Japan’s inflation flat in May
THE state of Japan’s economic recovery remains murky, with inflation still nearly flat in May despite unprecedented monetary stimulus, though joblessness was flat at 3.3 percent and household spending rose for the first time in over a year.
The data released yesterday followed relatively weak indicators recently that have shown softening demand and slowing industrial production. Economists say the world’s third-largest economy slowed or possibly contracted in the April-June quarter.
Japan’s central bank is pumping unprecedented sums of cash into the economy, seeking to push prices higher and spur inflation. The ultra-easy monetary policy is the main weapon in Prime Minister Shinzo Abe’s economic program, dubbed Abenomics, and is meant to convince companies and families to lift spending to avoid having to pay more as prices rise.
However, lower energy costs due to the fall in oil prices over the past year are slowing progress toward the Bank of Japan’s 2 percent inflation goal. Officials say they expect prices to begin rising once lagging declines in gas prices stabilize in coming months.
But the trend toward lower energy prices is helping businesses and consumers, who increased spending by 4.8 percent in May, the first such jump since March 2014. Electricity rates, which are linked to trends in oil prices, are due to fall 3 percent in July.
An April 2014 jump in the sales tax to 8 percent from 5 percent pushed the economy into recession as purchases that had been moved forward to beat the tax hike fell off.
Household spending is only one indicator and is volatile, Masamichi Adachi of JP Morgan said in a commentary.

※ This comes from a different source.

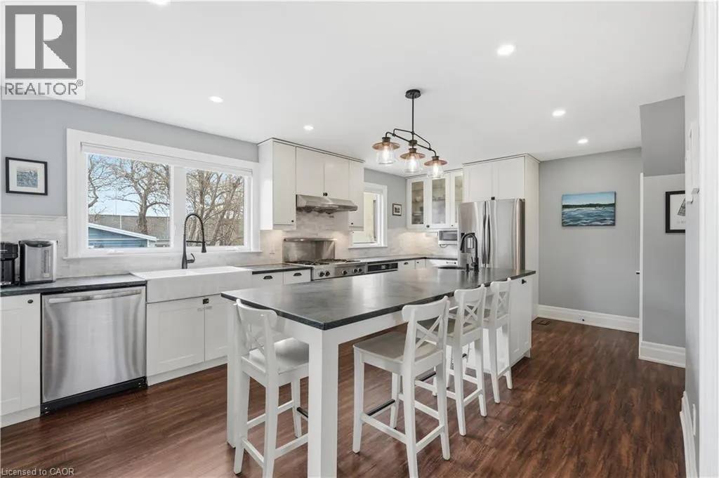 Perfectly positioned across from Lake Ontario, this thoughtfully renovated Beach Strip home offers an exceptional lifestyle just steps to the waterfront trail and sandy beach. Extensively updated and meticulously maintained a true turn-key opportunity. Inside, rich dark floors and a warm, cohesive palette set the tone. The inviting living room centres around a beautiful gas fireplace with shiplap surround and

Since semi-annual bonuses are paid in June, spending will likely rise during the summer, he said.
But the recovery in confidence is still weaker than expected, and he has cut his view for second quarter growth to zero percent from 1.5 percent, he said.
Japan has yet to beat the deflationary pressures that have halted companies from making long-term investments and hiring, said Marcel Thieliant of Capital Economics.